Top Tips To Clean Oil Paint Brushes

I’m passionate about painting, particularly with oil paint. What I’m not passionate about is the cleanup. So always searching for a time effective solution, let me share with you my top tips to clean oil paint brushes.

At the end of a long day, the last thing anyone feels like doing is cleaning a plethora of oil clogged brushes. However, as I mature as an artist and ease into a rhythm with my painting, I’m also beginning to take pride in caring for my paint brushes and tools and enjoying developing my home studio.

Tidying up and cleaning can be a very useful time to reflect on the days painting session. It’s often a common thing new artists omit from their practice.

I try to keep the use of solvents to an absolute minimum but when necessary I use either Gamblin Gamsol or Jacksons Shellsol T. You can choose to use these for cleaning your brushes but I’ve found that in the long term it can take its toll on the lifespan and condition of the bristles.

If you’re continuing the same painting with the same colours within a couple of days freeze your brushes!!

Yep, you read right! Wrap them in cling film, tin foil or in a food bag and stick them in the freezer. The cold temperatures slow down the oxidation of the oil paint keeping them fresh for a few days.  Just remember to pop them out of the freezer 10 minutes or so before you need to use them so they can come back to room temperature and be pliable again.

So after a bit of trial and error here are my top tips for effective oil paint brush cleaning (solvent free).

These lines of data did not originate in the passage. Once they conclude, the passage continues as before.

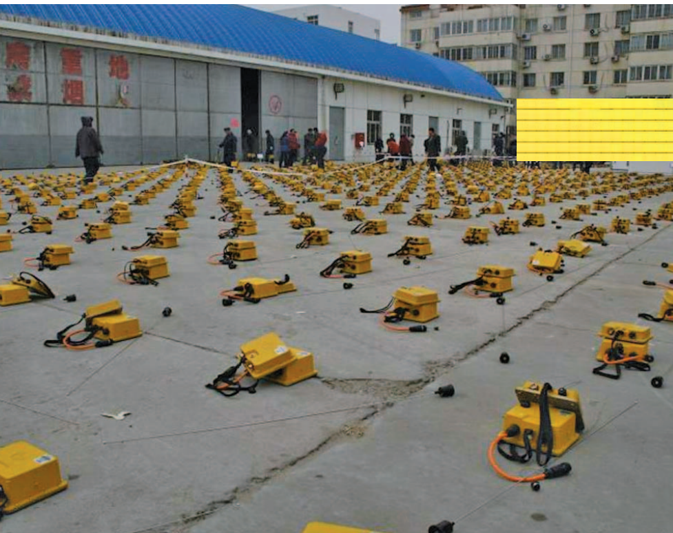
FireFly is laid out for commissioning prior to deployment in east central China.

where required, to over-sample or under-sample the geologic target to reach the optimal cost-benefit trade-off of the project.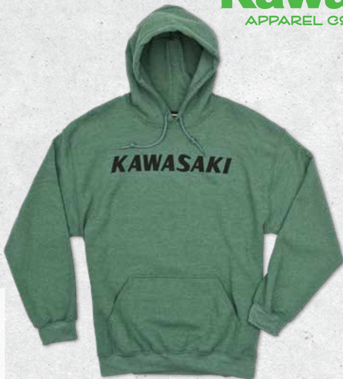
KAWASAKI HERITAGE LOGO HOODED SWEATSHIRT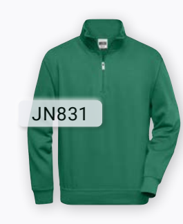
WORKWEAR HALF ZIP SWEAT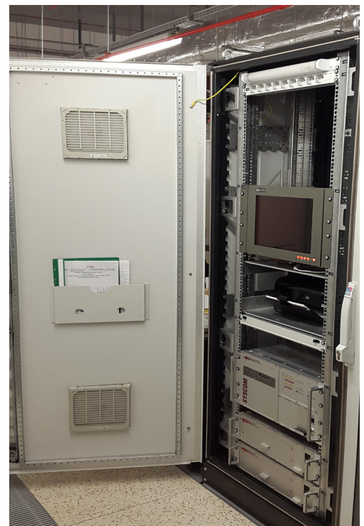
Figure 2. The cabinet in the control room.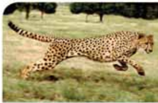
3. a cheetah 114 kph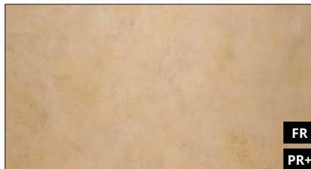
DM Silent Gold AR 2600 x 1000 / NA 19200 / SA 19208

From the outset the idea was, "Not to create everything for everyone, but instead something special for a few." This credo has resulted in our FURNITURE | COLLECTION, a new SIBU range that opens the door to fashionable furniture fronts.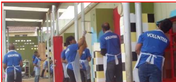
Painting Ekuthuleni Crèche, in Chesterville Ext. 1

Vukukhanye’s partnership with Suncoast includes monthly staff CUP (“Community Upliftment Project”) Visits, which often include visits to and support of Chesterville preschools. This included an Easter visit to Inami Crèche (Easter Egg decorating), the donation of a new stove and fridge to Inami Crèche, a donation of 67 brand-new children’s books to the Vukukhanye Educare Centre (for Mandela Day), transporting 200 children from these crèches to the Dino’s Alive dinosaur expo at Suncoast, and treating the children at Kulakahle Crèche to a Christmas Party.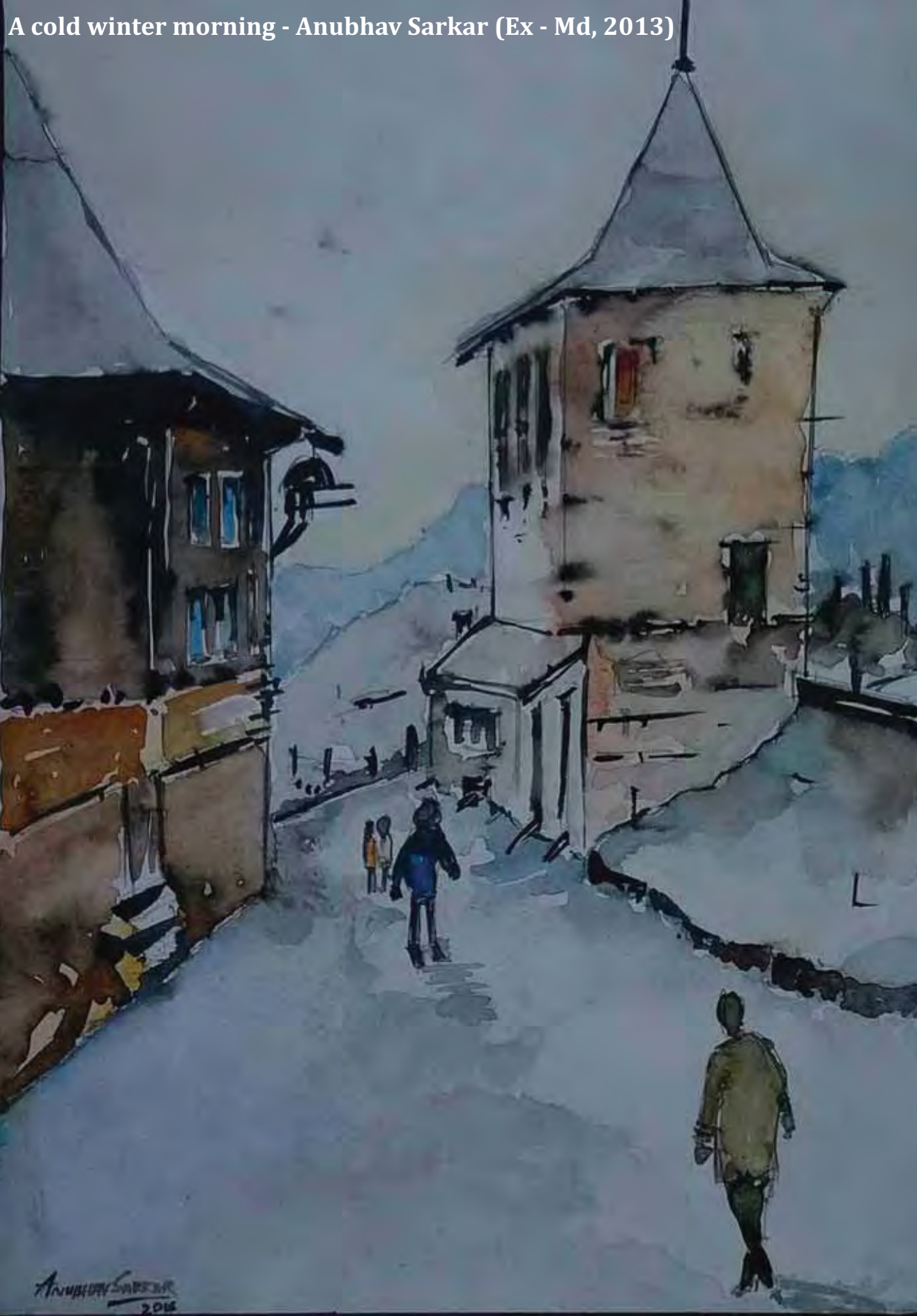
A cold winter morning - Anubhav Sarkar (Ex - Md, 2013)

Top Tips to Clean Oil Paint Brushes

  • Clean off all excess paint by working down the length of your bristles away from the ferrule, squeeze the remaining paint on to either newspaper, a rag, kitchen towels etc
  • For brushes that are a bit clogged you can use a little linseed or walnut oil to begin softening the paint. I try to keep using solvents to a minimum so if the brushes have any dried paint on I use Turpenoid Natural® which is very effective.
  • If your brushes only have wet paint on them, once you’ve wiped them you can give them a good massage with washing up liquid then rinse them with hand temperature hot water.
  • For the final clean I use either Da Vinci Professional Brush Soap or for my most expensive brushes, I treat them to a final clean in The Masters Brush Cleaner which is an amazing product for both thoroughly cleaning paint out and conditioning your brushes. Because I find it on the pricey side I don’t use it too often, however, it’s important not to skimp on the care of your Sables and Mongoose brushes, they often cost way more than the price of a tub of Masters Brush Cleaner and it does go a long way!
  • Dry your brushes on a paper towel and leave at a slightly raised angle on a dry cloth so that any water that may have got into the ferrule can run out with gravity. (Water in your ferrule will rot the glue and shorten the life of your brush.)